WORK ITEM: Without omission or alteration, write out all of the data.

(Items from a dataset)
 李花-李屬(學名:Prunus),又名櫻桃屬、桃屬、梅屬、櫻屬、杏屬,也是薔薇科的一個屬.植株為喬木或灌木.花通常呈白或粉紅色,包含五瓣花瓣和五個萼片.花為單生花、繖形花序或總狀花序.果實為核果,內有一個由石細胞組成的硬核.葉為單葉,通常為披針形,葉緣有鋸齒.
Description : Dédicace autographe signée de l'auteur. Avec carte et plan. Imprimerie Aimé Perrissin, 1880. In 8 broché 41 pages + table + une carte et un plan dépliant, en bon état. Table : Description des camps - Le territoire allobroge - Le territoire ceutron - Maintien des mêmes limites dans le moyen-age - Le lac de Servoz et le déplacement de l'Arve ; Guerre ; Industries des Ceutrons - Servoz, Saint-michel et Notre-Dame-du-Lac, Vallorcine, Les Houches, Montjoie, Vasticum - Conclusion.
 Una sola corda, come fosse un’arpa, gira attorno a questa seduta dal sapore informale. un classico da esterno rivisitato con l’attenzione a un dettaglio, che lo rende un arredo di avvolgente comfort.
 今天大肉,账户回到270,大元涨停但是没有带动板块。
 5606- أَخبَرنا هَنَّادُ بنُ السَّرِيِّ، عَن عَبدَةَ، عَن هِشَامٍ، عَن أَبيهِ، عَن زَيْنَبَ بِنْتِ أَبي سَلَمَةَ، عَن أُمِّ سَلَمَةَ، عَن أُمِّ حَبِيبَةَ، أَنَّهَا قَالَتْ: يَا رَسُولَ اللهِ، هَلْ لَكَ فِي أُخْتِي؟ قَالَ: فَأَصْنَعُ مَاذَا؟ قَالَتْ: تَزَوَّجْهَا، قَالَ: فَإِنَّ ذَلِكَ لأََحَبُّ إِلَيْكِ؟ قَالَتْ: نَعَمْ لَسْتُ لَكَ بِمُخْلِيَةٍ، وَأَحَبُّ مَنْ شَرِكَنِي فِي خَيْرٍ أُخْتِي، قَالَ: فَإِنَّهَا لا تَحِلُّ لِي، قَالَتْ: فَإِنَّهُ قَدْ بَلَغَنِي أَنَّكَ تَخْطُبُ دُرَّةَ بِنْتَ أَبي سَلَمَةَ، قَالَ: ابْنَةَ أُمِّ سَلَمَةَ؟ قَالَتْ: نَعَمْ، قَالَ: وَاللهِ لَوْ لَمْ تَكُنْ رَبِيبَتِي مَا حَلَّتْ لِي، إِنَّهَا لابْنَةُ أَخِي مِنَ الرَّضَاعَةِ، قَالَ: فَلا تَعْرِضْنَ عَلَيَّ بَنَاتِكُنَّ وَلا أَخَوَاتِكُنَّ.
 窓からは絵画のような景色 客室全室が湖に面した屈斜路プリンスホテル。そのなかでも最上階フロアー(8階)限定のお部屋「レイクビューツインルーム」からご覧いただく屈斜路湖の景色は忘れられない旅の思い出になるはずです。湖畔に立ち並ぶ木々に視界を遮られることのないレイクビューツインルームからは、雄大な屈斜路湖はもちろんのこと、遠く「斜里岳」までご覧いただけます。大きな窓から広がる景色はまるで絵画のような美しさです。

FINISHED TASK:
 李花-李屬(學名:Prunus),又名櫻桃屬、桃屬、梅屬、櫻屬、杏屬,也是薔薇科的一個屬.植株為喬木或灌木.花通常呈白或粉紅色,包含五瓣花瓣和五個萼片.花為單生花、繖形花序或總狀花序.果實為核果,內有一個由石細胞組成的硬核.葉為單葉,通常為披針形,葉緣有鋸齒.
Description : Dédicace autographe signée de l'auteur. Avec carte et plan. Imprimerie Aimé Perrissin, 1880. In 8 broché 41 pages + table + une carte et un plan dépliant, en bon état. Table : Description des camps - Le territoire allobroge - Le territoire ceutron - Maintien des mêmes limites dans le moyen-age - Le lac de Servoz et le déplacement de l'Arve ; Guerre ; Industries des Ceutrons - Servoz, Saint-michel et Notre-Dame-du-Lac, Vallorcine, Les Houches, Montjoie, Vasticum - Conclusion.
 Una sola corda, come fosse un’arpa, gira attorno a questa seduta dal sapore informale. un classico da esterno rivisitato con l’attenzione a un dettaglio, che lo rende un arredo di avvolgente comfort.
 今天大肉,账户回到270,大元涨停但是没有带动板块。
 5606- أَخبَرنا هَنَّادُ بنُ السَّرِيِّ، عَن عَبدَةَ، عَن هِشَامٍ، عَن أَبيهِ، عَن زَيْنَبَ بِنْتِ أَبي سَلَمَةَ، عَن أُمِّ سَلَمَةَ، عَن أُمِّ حَبِيبَةَ، أَنَّهَا قَالَتْ: يَا رَسُولَ اللهِ، هَلْ لَكَ فِي أُخْتِي؟ قَالَ: فَأَصْنَعُ مَاذَا؟ قَالَتْ: تَزَوَّجْهَا، قَالَ: فَإِنَّ ذَلِكَ لأََحَبُّ إِلَيْكِ؟ قَالَتْ: نَعَمْ لَسْتُ لَكَ بِمُخْلِيَةٍ، وَأَحَبُّ مَنْ شَرِكَنِي فِي خَيْرٍ أُخْتِي، قَالَ: فَإِنَّهَا لا تَحِلُّ لِي، قَالَتْ: فَإِنَّهُ قَدْ بَلَغَنِي أَنَّكَ تَخْطُبُ دُرَّةَ بِنْتَ أَبي سَلَمَةَ، قَالَ: ابْنَةَ أُمِّ سَلَمَةَ؟ قَالَتْ: نَعَمْ، قَالَ: وَاللهِ لَوْ لَمْ تَكُنْ رَبِيبَتِي مَا حَلَّتْ لِي، إِنَّهَا لابْنَةُ أَخِي مِنَ الرَّضَاعَةِ، قَالَ: فَلا تَعْرِضْنَ عَلَيَّ بَنَاتِكُنَّ وَلا أَخَوَاتِكُنَّ.
 窓からは絵画のような景色 客室全室が湖に面した屈斜路プリンスホテル。そのなかでも最上階フロアー(8階)限定のお部屋「レイクビューツインルーム」からご覧いただく屈斜路湖の景色は忘れられない旅の思い出になるはずです。湖畔に立ち並ぶ木々に視界を遮られることのないレイクビューツインルームからは、雄大な屈斜路湖はもちろんのこと、遠く「斜里岳」までご覧いただけます。大きな窓から広がる景色はまるで絵画のような美しさです。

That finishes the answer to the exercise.